— About this task —
Omit all pictures and transcribe only the lines in the entries below that run from the line with "assumed the local" through the line with "Bếp từ Bosch".

— Supplied records —
******************************

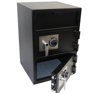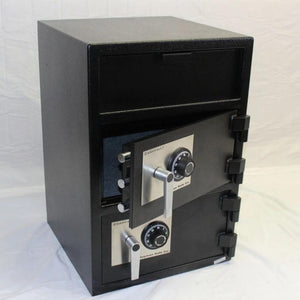 The SafeandVaultStore HPD3020DD is a wide body double door depository safe made from solid steel. It is designed with strength and security in mind to protect your drops and deposits. Both doors feature 1/2" solid steel thickness which gives this safe a "B" classification for burglar protection. This safe features two chambers. The top chamber is designed for all your drops and deposits and is 7" H x 19.63" W x 17" D. The bottom compartment can be used for spare change and your cash trays from your tills. The inside measurements of this compartment are 11" H x 19.63" W x 17" D. This way you only need one safe to protect everything vs buying two different safes.
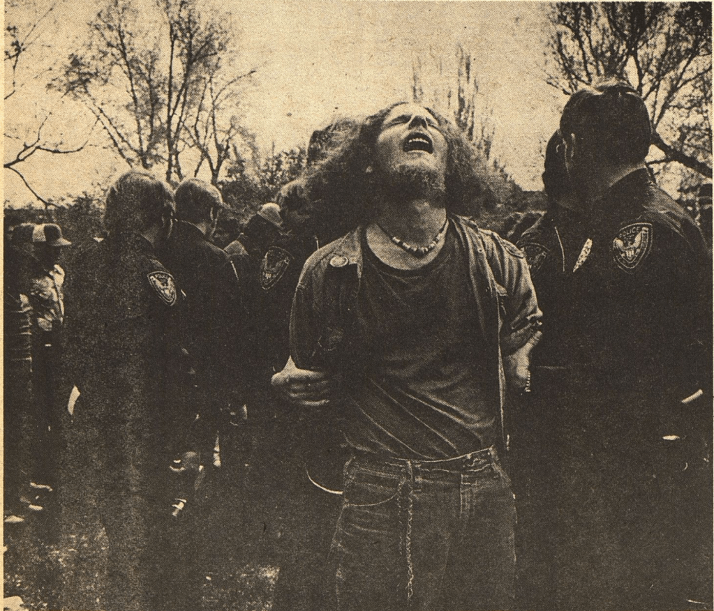 “We assumed the local police would stand around the outside of the crowd and pick people off, but that’s not what they did. They walked INTO the crowd,” said Lance. “Me being Yippie I followed them, [the cops] walked over to this poor little college kid, and [the cop] goes ‘this one’ and when they grabbed him, So I grabbed him, and bear-hugged his legs… and I wouldn’t let him go.”
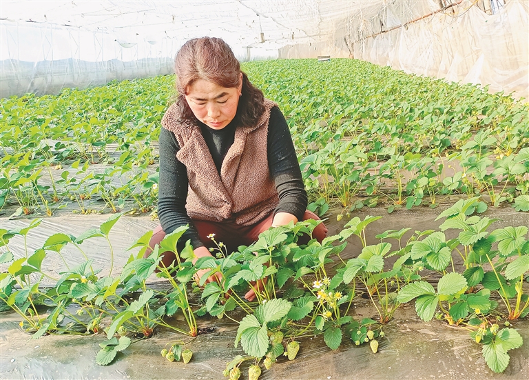 “这两年,我们合作社不断增加投入,建设科技含量更高的智能温室。新建的温室,保温性能和太阳能吸收功能都大幅提升,让消费者尝新、尝鲜的果蔬品种也因此更加丰富。”张显波说,合作社把草莓与生菜、萝卜菜、臭菜等“蘸酱菜”间种,利用温室全部空间,多种出了一茬蔬菜。种植的柿子、黄瓜等蔬菜比正常上市期要早2个多月,香瓜、草莓等水果也提前上市,效益可提高几倍。
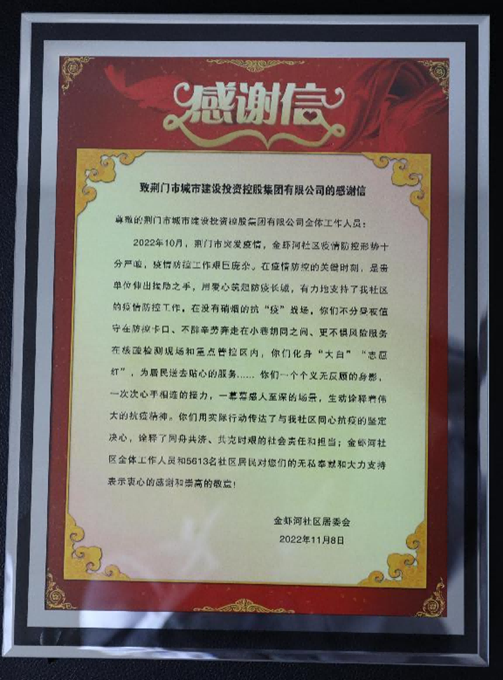 一面錦旗,是一種信任和肯定;一封感謝信,是一份敬意和動力。在疫情防控這場大考中,荊門城控集團黨委用責任和擔當貢獻國企力量,志愿者們用堅守和奉獻踐行了城控人的初心使命,為社區(qū)筑起一道攜手抗疫的愛心橋梁。(文:李曉威 圖:周健)
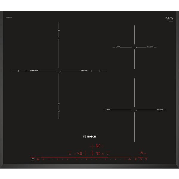 Bếp từ Bosch HMH.PID651DC5E (60cm) nhập khẩu chính hãng Tây Ban Nha 3 vùng nấu, vùng nấu lớn với 3 kích thước nồi, nấu tăng cường, điều khiển cảm ứng Series 8 với cảm biến chiên xào cho các món chiên chín vàng hoàn hảo
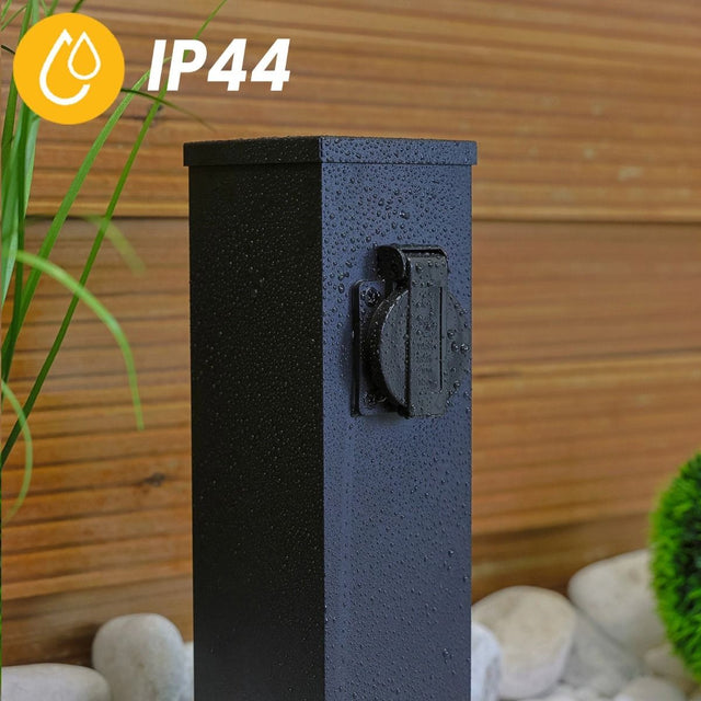 Deze weerbestendige buitenpaal met 2 geaarde 230V stopcontacten (TÜV-gecertificeerd) is ideaal voor tuin, terras of oprit. Met een maximale belasting van 16A, schroefbasis en IP44-bescherming, is hij geschikt voor tuinverlichting, elektrisch gereedschap of buitenfeesten.
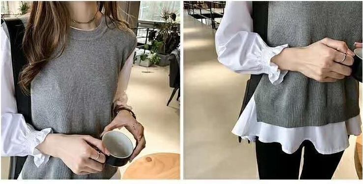 秋新作 大人可愛い トレンド ブラウス セット ニットベストトップス 日常 通勤通学
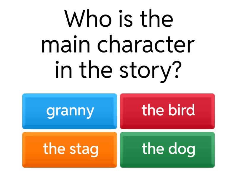 1) Who is the main character in the story? a) granny b) the bird c) the stag d) the dog 2) Why did the bird flies out of the cage? a) The bird is hungry? b) The bird wants to play? c) The bird is looking for a friend? d) The cat is chasing the bird. 3) Which animal did the bird see as it flies past the farm? a) the stag b) the cat c) the fox d) the granny 4) Why did the bird hides in the bird stand? a) The bird likes to be there. b) The bird thinks it is a swing. c) The bird is safe there. d) The bird thinks there will be food there. 5) Where did the bird eventually return to? a) The bird heads home to granny. b) The bird flies on a tree. c) The bird continues flying. d) The bird stays at the bird stand.

******************************

— Task answer —
 “We assumed the local police would stand around the outside of the crowd and pick people off, but that’s not what they did. They walked INTO the crowd,” said Lance. “Me being Yippie I followed them, [the cops] walked over to this poor little college kid, and [the cop] goes ‘this one’ and when they grabbed him, So I grabbed him, and bear-hugged his legs… and I wouldn’t let him go.”
 “这两年,我们合作社不断增加投入,建设科技含量更高的智能温室。新建的温室,保温性能和太阳能吸收功能都大幅提升,让消费者尝新、尝鲜的果蔬品种也因此更加丰富。”张显波说,合作社把草莓与生菜、萝卜菜、臭菜等“蘸酱菜”间种,利用温室全部空间,多种出了一茬蔬菜。种植的柿子、黄瓜等蔬菜比正常上市期要早2个多月,香瓜、草莓等水果也提前上市,效益可提高几倍。
 一面錦旗,是一種信任和肯定;一封感謝信,是一份敬意和動力。在疫情防控這場大考中,荊門城控集團黨委用責任和擔當貢獻國企力量,志愿者們用堅守和奉獻踐行了城控人的初心使命,為社區(qū)筑起一道攜手抗疫的愛心橋梁。(文:李曉威 圖:周健)
 Bếp từ Bosch HMH.PID651DC5E (60cm) nhập khẩu chính hãng Tây Ban Nha 3 vùng nấu, vùng nấu lớn với 3 kích thước nồi, nấu tăng cường, điều khiển cảm ứng Series 8 với cảm biến chiên xào cho các món chiên chín vàng hoàn hảo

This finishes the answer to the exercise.